▶ [BRIEF]
The material below should be copied line for line, please, with pictures omitted.

▶ [INFORMATION PROVIDED]
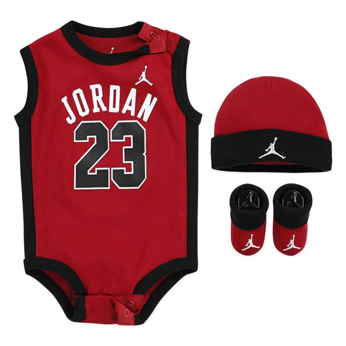 This bodysuit jersey set from NIKE is perfect for mom's MVP. With a soft cotton design, your child will be comfy cozy while they play all day. Fun graphics and the iconic Jordan 23 jersey will have your little one wanting to be just like Mike.
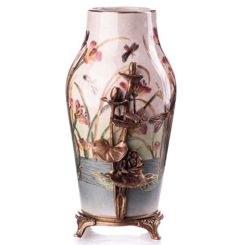 Beschilderd met mooie planten bloemen en libelle en omarmd versierd met bronzen bladeren en ranken als standaard voor de vaas.
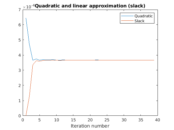 plot(history) legend('Quadratic','Slack') xlabel('Iteration number') title('Quadratic and linear approximation (slack)')

▶ [TASK RESULT]
 This bodysuit jersey set from NIKE is perfect for mom's MVP. With a soft cotton design, your child will be comfy cozy while they play all day. Fun graphics and the iconic Jordan 23 jersey will have your little one wanting to be just like Mike.
 Beschilderd met mooie planten bloemen en libelle en omarmd versierd met bronzen bladeren en ranken als standaard voor de vaas.
 plot(history) legend('Quadratic','Slack') xlabel('Iteration number') title('Quadratic and linear approximation (slack)')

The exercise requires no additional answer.